*Exercise*:
Print exactly and only the lines that run from the one containing "逐日天巡9☀闪电94光束套☀" through the end of the material, please, omitting pictures.
(Data excerpt)
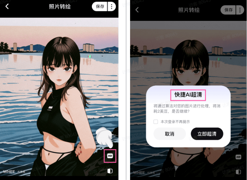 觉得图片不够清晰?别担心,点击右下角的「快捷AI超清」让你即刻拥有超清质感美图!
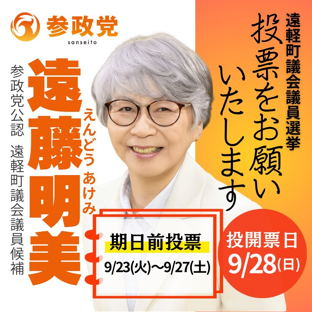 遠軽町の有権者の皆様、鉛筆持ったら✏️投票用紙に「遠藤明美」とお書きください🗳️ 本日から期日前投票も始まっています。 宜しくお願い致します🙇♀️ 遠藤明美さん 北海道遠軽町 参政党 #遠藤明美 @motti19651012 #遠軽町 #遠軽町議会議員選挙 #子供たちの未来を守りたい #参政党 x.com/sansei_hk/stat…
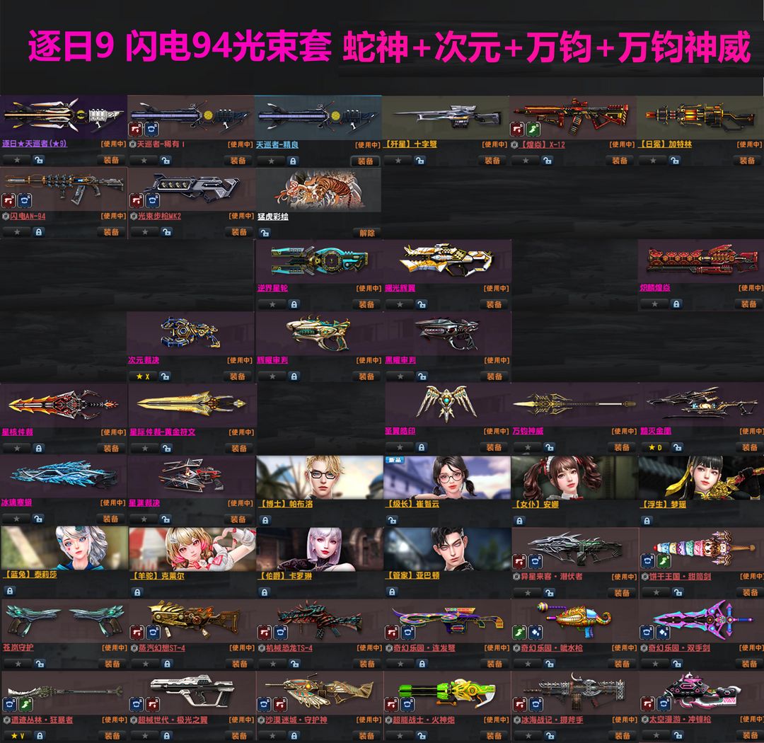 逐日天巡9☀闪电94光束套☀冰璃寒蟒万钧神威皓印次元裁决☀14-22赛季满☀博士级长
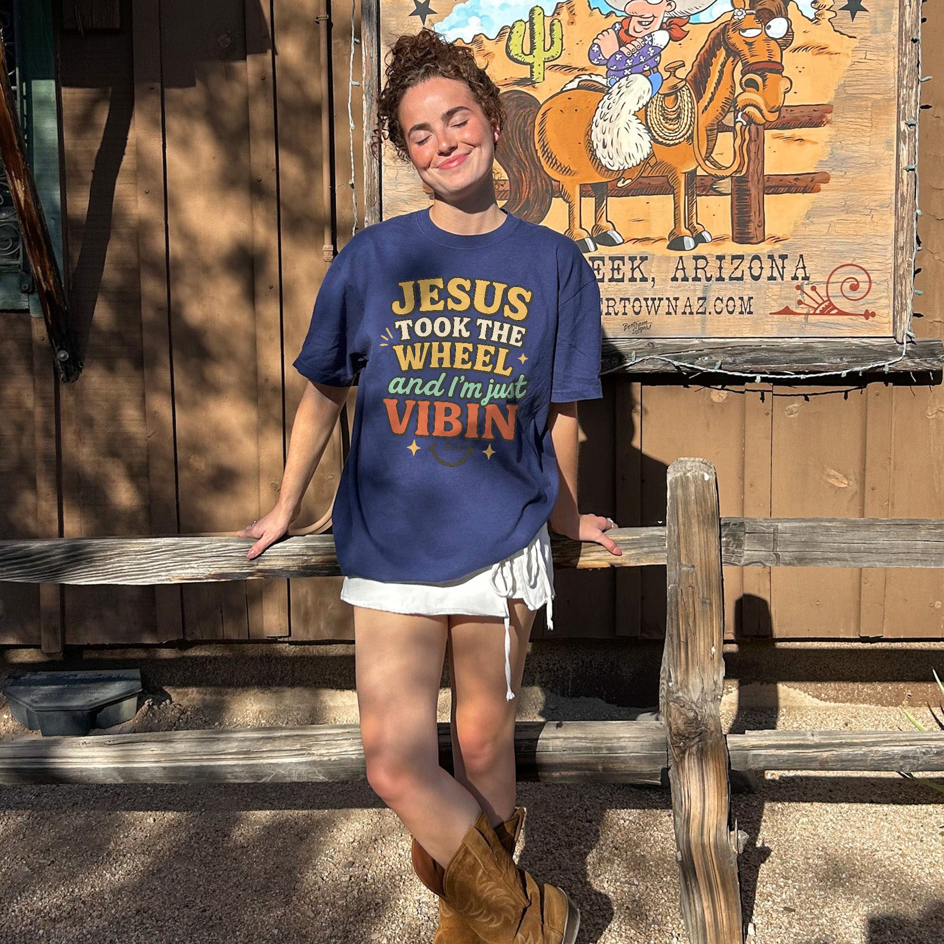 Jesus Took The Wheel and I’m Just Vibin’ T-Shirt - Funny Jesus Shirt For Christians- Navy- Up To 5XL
(End Data excerpt)
*Response to this task*:
 逐日天巡9☀闪电94光束套☀冰璃寒蟒万钧神威皓印次元裁决☀14-22赛季满☀博士级长
 Jesus Took The Wheel and I’m Just Vibin’ T-Shirt - Funny Jesus Shirt For Christians- Navy- Up To 5XL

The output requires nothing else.